• MATERIAL TO PROCESS

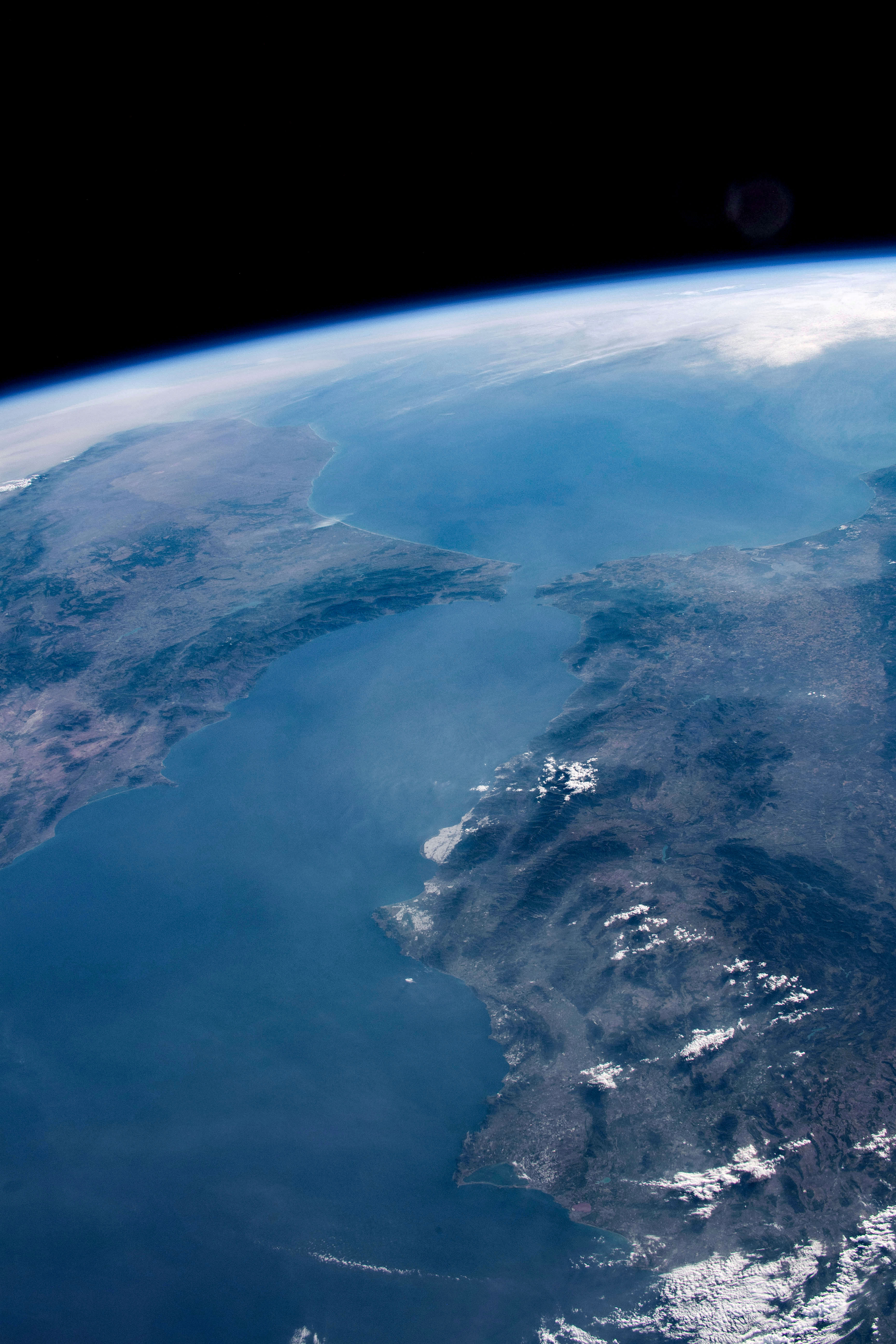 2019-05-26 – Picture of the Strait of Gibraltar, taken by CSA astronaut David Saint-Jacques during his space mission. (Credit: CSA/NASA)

* * *

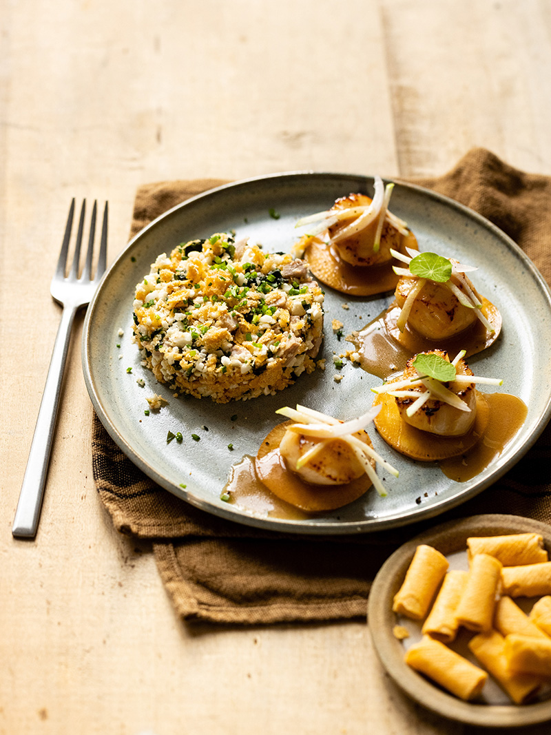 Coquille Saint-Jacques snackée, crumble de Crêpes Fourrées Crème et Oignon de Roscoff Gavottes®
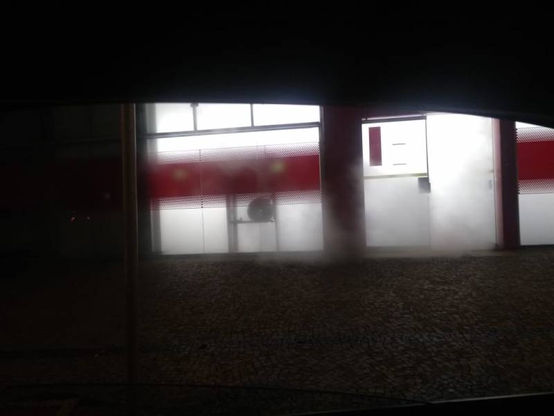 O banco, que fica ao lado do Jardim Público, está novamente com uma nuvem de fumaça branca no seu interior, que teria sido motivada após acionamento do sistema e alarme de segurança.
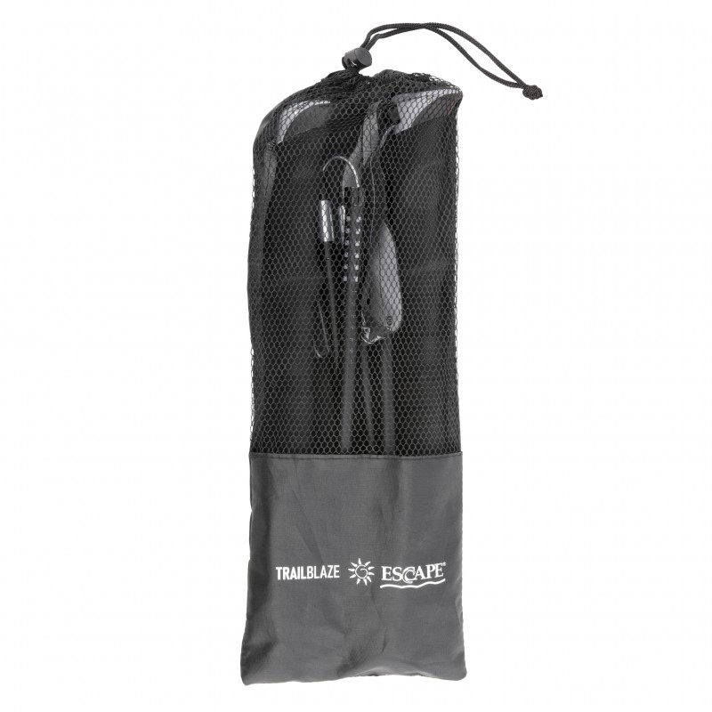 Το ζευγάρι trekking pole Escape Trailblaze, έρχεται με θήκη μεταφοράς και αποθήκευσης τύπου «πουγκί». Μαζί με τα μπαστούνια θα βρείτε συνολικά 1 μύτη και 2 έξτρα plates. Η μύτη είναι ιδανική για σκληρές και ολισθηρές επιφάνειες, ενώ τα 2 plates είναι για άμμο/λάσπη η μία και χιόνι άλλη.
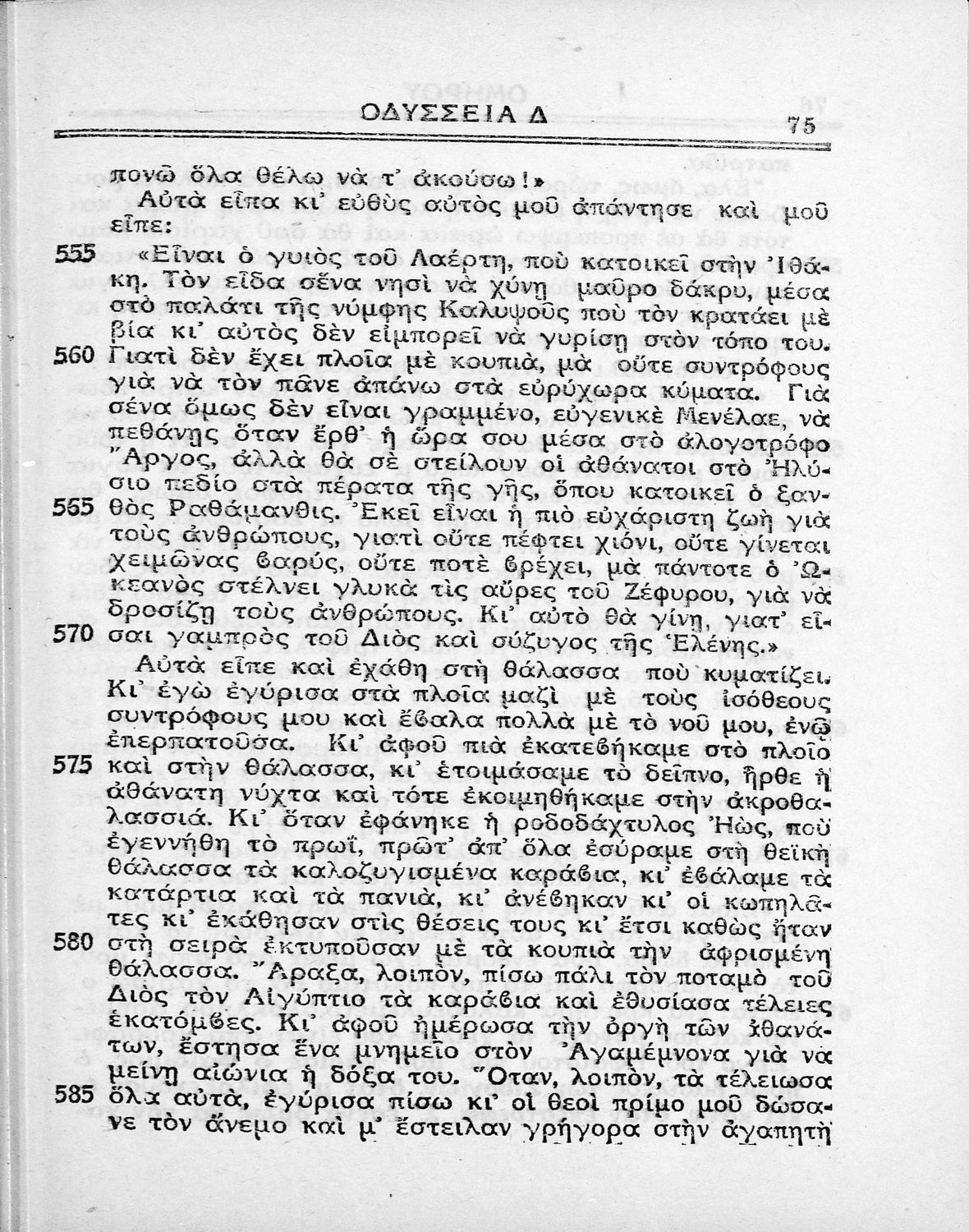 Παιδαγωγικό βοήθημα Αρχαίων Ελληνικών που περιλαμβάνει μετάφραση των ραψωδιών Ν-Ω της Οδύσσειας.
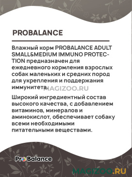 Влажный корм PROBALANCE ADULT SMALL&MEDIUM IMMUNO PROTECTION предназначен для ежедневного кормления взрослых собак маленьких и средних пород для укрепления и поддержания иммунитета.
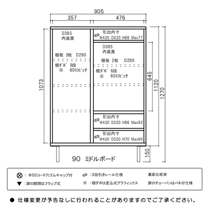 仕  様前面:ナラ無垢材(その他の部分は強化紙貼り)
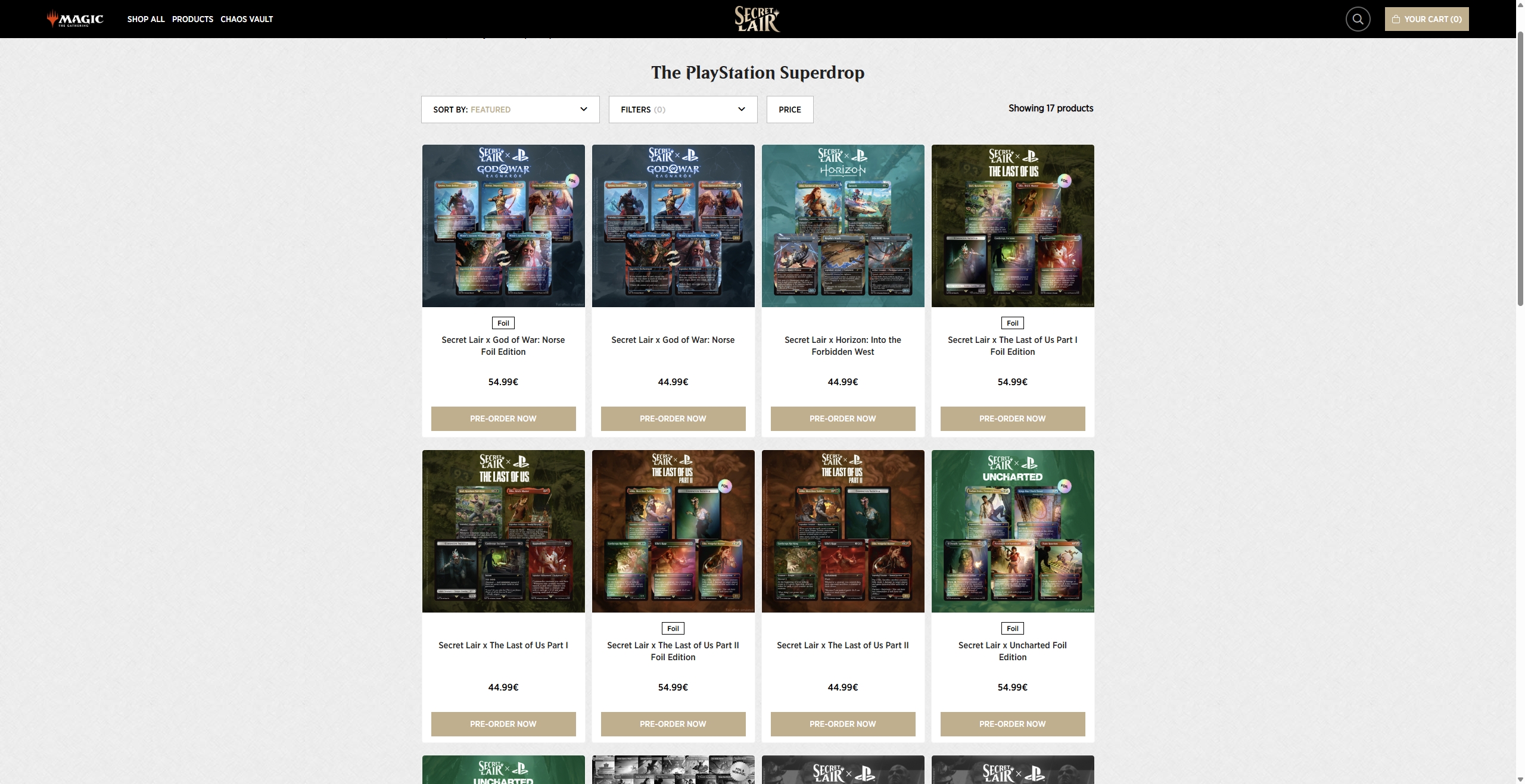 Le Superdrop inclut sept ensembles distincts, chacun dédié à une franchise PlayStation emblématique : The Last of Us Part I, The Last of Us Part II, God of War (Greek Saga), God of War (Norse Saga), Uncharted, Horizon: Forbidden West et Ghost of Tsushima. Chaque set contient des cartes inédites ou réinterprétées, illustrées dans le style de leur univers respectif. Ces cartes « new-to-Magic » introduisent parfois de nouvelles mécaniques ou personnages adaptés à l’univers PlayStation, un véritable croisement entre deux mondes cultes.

• TASK INSTRUCTIONS
Look above for the line with "Παιδαγωγικό βοήθημα Αρχαίων", then print it and each line after it down to and including the line with "Влажный корм PROBALANCE". Leave out the pictures and keep the wording exact.

• RESULT OF THE TASK
 Παιδαγωγικό βοήθημα Αρχαίων Ελληνικών που περιλαμβάνει μετάφραση των ραψωδιών Ν-Ω της Οδύσσειας.
 Влажный корм PROBALANCE ADULT SMALL&MEDIUM IMMUNO PROTECTION предназначен для ежедневного кормления взрослых собак маленьких и средних пород для укрепления и поддержания иммунитета.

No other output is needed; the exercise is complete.